So, ready to take up the challenge? Authoring pure IL code is a rather cumbersome task compared to authoring languages like C#. We can develop any type of application. For instance, console, Windows, and Web-based applications, but developers might feel restricted while coding without support for IntelliSense. IL coding can be done using any straight text editor such as Notepad--this is the real beauty of IL coding. We are going to write a simple “Hello World!” program on Notepad and later compile that code using ILASM.EXE utility.
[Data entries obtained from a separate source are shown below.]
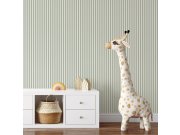 Vliesové tapety na zeď, klasický proužkové vzor v odstínech lipové zelené a krémové. Nejširší proužek cca 4,3 cm. Co vás zaujme: vyrobeno s ohledem na udržitelnost a ekologii. Design: nadčasové, skandinávský. Úroveň tapetovéní: pro začátečníky. Země původ
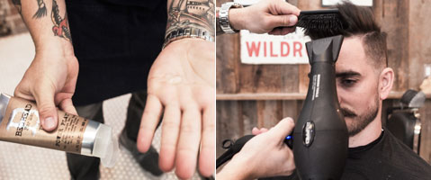 Step 2| Power Play auf die Handflächen auftragen und mit den Fingern im Haar verteilen. Die Haare trocken föhnen und mit einer Bürste den vorderen Bereich aus dem Gesicht arbeiten, um an Form und Höhe zu gewinnen.
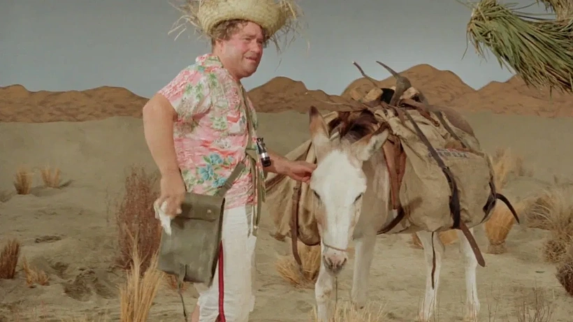 Un buscador de oro en el desierto se pierde y descubre un oasis habitado por hermosas doncellas.

To do this, open Notepad, enter the code shown in Listing 2, and save it with an *.IL extension, such as "Helloworld.il".
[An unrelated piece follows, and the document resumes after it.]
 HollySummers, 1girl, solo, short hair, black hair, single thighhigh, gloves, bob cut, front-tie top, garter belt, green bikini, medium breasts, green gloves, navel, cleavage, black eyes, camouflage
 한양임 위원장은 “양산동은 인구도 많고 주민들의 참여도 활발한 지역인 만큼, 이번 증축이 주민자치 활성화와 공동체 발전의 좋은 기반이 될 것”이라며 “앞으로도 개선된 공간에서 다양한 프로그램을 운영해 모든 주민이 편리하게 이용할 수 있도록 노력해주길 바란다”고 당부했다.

Listing 2: First “Hello World” program coding in IL

.assembly extern mscorlib
{
  .publickeytoken = (B7 7A 5C 56 19 34 E0 89 )        
  .ver 4:0:0:0
}
.assembly cilHelloWorld
{
  .hash algorithm 0x00008004
  .ver 1:0:0:0
}
.module cilHelloWorld.exe

.imagebase           0x00400000
.file alignment      0x00000200
.stackreserve        0x00100000
.subsystem           0x0003       
.corflags            0x00020003   

// =============== CLASS MEMBERS DECLARATION ===================//

.class private auto ansi beforefieldinit cilHelloWorld.Program extends [mscorlib]System.Object
{
    .method private hidebysig static void  Main(string[] args) cil managed
    {
        .entrypoint
        .maxstack  8
        IL_0000:  nop
        IL_0001:  ldstr      "First CIL program, Hello World!"
        IL_0006:  call       void [mscorlib]System.Console::WriteLine(string)
        IL_000b:  nop
        IL_000c:  call       string [mscorlib]System.Console::ReadLine()
        IL_0011:  pop
        IL_0012:  ret
    } 
    //=================Constructor================================//
    .method public hidebysig specialname rtspecialname instance void  .ctor() cil managed
    {
        .maxstack  8
        IL_0000:  ldarg.0
        IL_0001:  call       instance void [mscorlib]System.Object::.ctor()
        IL_0006:  ret
    } // end of constructor
}

// ======================End of Class================================//

As mentioned, CIL supports .NET classes, methods, namespaces, and types using attributes and directives. The important thing to remember about CIL directives is that they are never crafted with a dot prefix, as you might see in C#.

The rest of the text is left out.